* [Exercise details]: Give the lines below again exactly, starting with the line that holds "东宁至珲春铁路走向示意图(仅供参考)" and going on through the line that holds "Le Cookeez Makery".

[Extracted material — start]

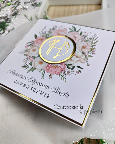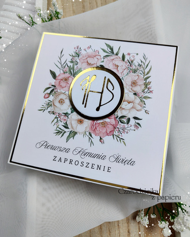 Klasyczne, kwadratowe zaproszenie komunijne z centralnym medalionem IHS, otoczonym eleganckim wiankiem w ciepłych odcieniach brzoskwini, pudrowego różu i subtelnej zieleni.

[Extracted material — finish]
[Extracted material — start]

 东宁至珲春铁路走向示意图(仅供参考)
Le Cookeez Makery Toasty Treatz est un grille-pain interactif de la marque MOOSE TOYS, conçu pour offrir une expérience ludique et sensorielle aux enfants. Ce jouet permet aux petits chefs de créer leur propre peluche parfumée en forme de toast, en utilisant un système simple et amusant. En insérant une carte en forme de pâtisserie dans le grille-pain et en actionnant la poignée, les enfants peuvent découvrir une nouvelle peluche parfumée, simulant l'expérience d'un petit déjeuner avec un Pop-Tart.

[Extracted material — finish]

* [Your response]:
 东宁至珲春铁路走向示意图(仅供参考)
Le Cookeez Makery Toasty Treatz est un grille-pain interactif de la marque MOOSE TOYS, conçu pour offrir une expérience ludique et sensorielle aux enfants. Ce jouet permet aux petits chefs de créer leur propre peluche parfumée en forme de toast, en utilisant un système simple et amusant. En insérant une carte en forme de pâtisserie dans le grille-pain et en actionnant la poignée, les enfants peuvent découvrir une nouvelle peluche parfumée, simulant l'expérience d'un petit déjeuner avec un Pop-Tart.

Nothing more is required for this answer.